Paracompact Hausdorff implies binormal

This article gives the statement and possibly, proof, of an implication relation between two topological space properties. That is, it states that every topological space satisfying the first topological space property (i.e., paracompact Hausdorff space) must also satisfy the second topological space property (i.e., binormal space)
View all topological space property implications | View all topological space property non-implications
Get more facts about paracompact Hausdorff space|Get more facts about binormal space

Statement

Any paracompact Hausdorff space (i.e., a space that is both paracompact and Hausdorff) is a binormal space.

Definitions used

Paracompact Hausdorff space

Further information: paracompact Hausdorff space

A topological space ${\displaystyle X}$ is termed a paracompact Hausdorff space if it satisfies the following two conditions:

1. It is a paracompact space: every open cover has a locally finite open refinement.
2. It is a Hausdorff space: any two points can be separated by disjoint open subsets.

Binormal space

Further information: binormal space

A topological space ${\displaystyle X}$ is termed a binormal space if the product of ${\displaystyle X}$ and the unit interval ${\displaystyle [0,1]}$ (equipped with the Euclidean topology) is a normal space.

Facts used

1. Compact times paracompact implies paracompact
2. Hausdorffness is product-closed
3. Paracompact Hausdorff implies normal

Proof

Given: A paracompact Hausdorff space ${\displaystyle X}$. ${\displaystyle I=[0,1]}$ is the unit interval.
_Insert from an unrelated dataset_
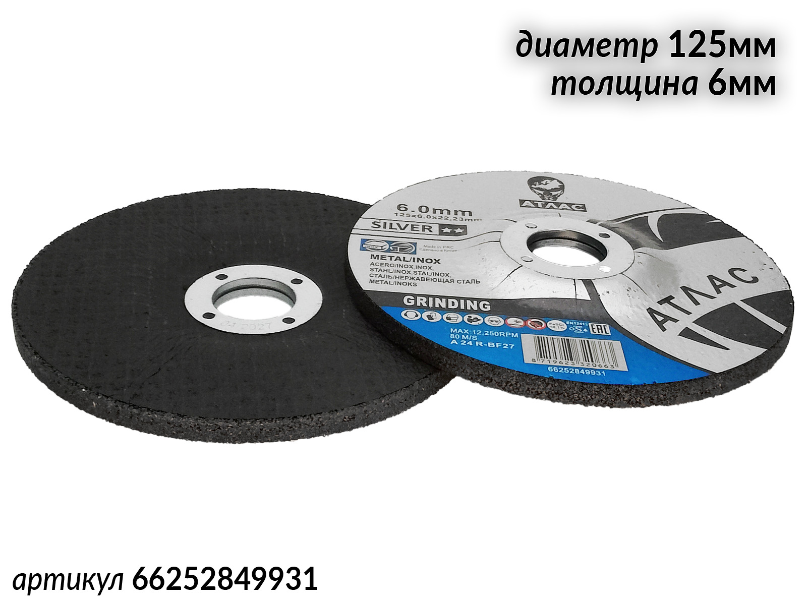 Диск зачистной 125х6мм по металлу и нержавейке SILVER АТЛАС
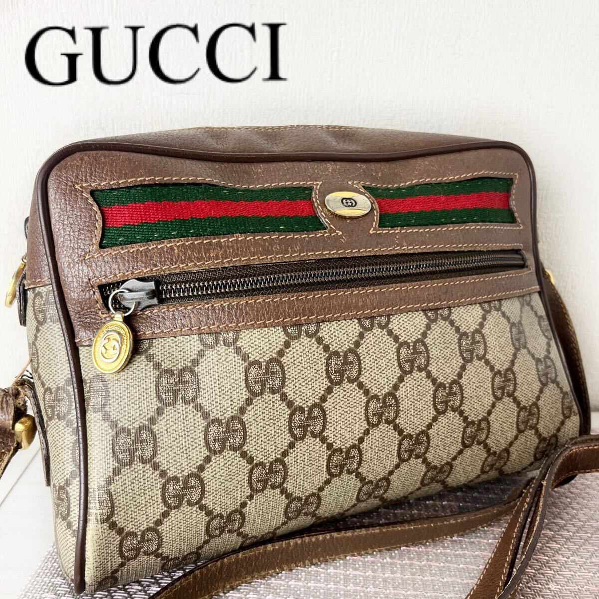> GUCCI グッチ GGスプリーム 総柄 レザー ショルダーバッグ ショルダーバック シェリーライン ロゴ インターロッキング PVC ゴールド金具

To prove: The space ${\displaystyle X\times I}$ is a normal space.

Proof:

1. ${\displaystyle X\times I}$ is paracompact: This follows from ${\displaystyle X}$ being paracompact, ${\displaystyle I}$ being compact, and fact (1).
2. ${\displaystyle X\times I}$ is Hausdorff: This follows from fact (2).
3. ${\displaystyle X\times I}$ is normal: The previous two steps yield that ${\displaystyle X\times I}$ is paracompact Hausdorff. Fact (3) now yields that ${\displaystyle X\times I}$ is normal.